A 58-year-old woman underwent an attempted mitral valve repair for degenerative mitral disease at an outside institution. Multiple attempts at valve repair were followed by bovine mitral valve replacement with complete retention of the anterior leaflet. Her postoperative course was prolonged because of cardiogenic shock requiring temporary mechanical support and the need for tracheostomy.
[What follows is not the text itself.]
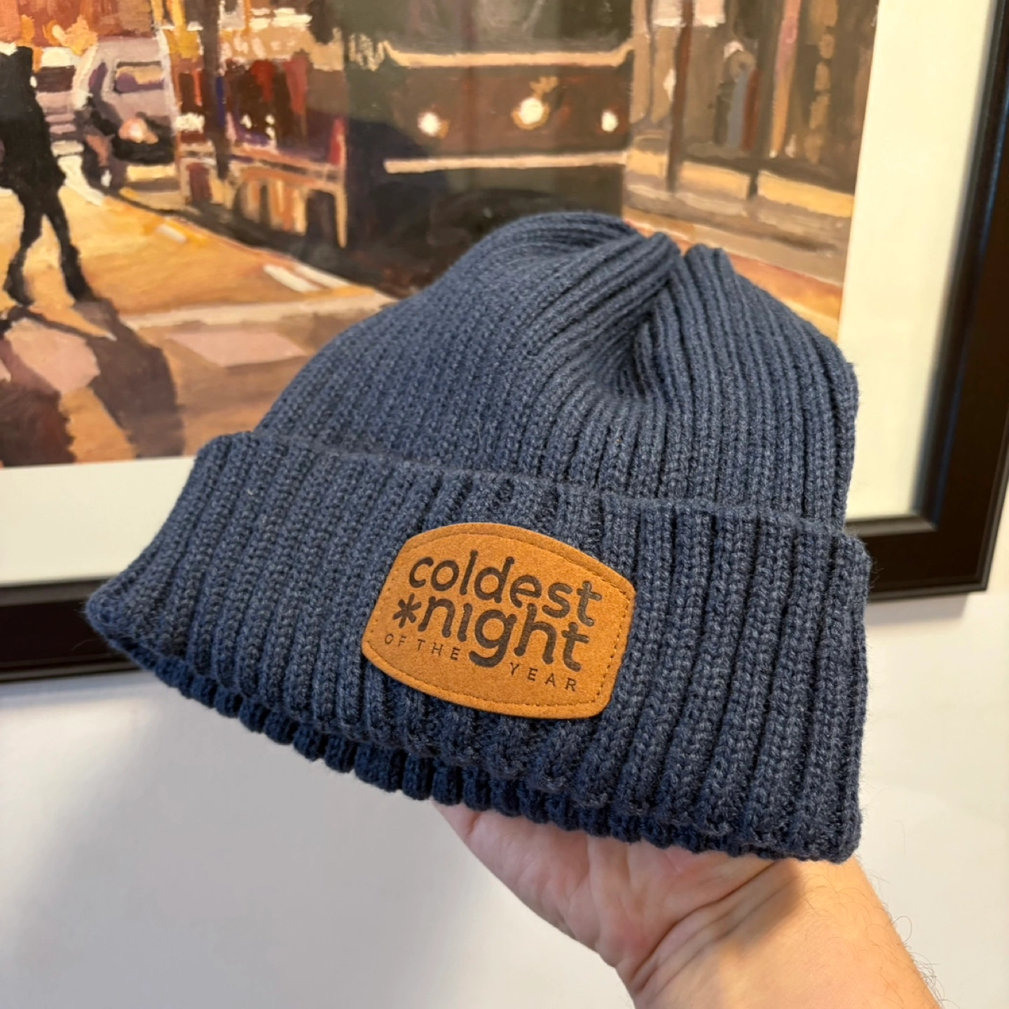 Navy blue ribbed knit toque. Features a brown leather patch with the Coldest Night of the Year logo. Cozy and warm. Worn once on the night of the walk.

A year later, she had persistent heart failure symptoms including fatigue, dyspnea on exertion, fluid retention and weight gain.
An echocardiogram performed at Cleveland Clinic showed a fixed, elevated gradient across her LVOT secondary to retained anterior mitral leaflet. Her resting LVOT gradient was 52 mm Hg. The gradient increased to 56 mm Hg with Valsalva maneuver and 70 mm Hg with stress. The interventricular septum was noted to be 1.5 cm. There was no paravalvular leak or mitral regurgitation. Cardiac MRI confirmed the outflow obstruction secondary to a completely retained leaflet and subvalvular apparatus (Figure 1).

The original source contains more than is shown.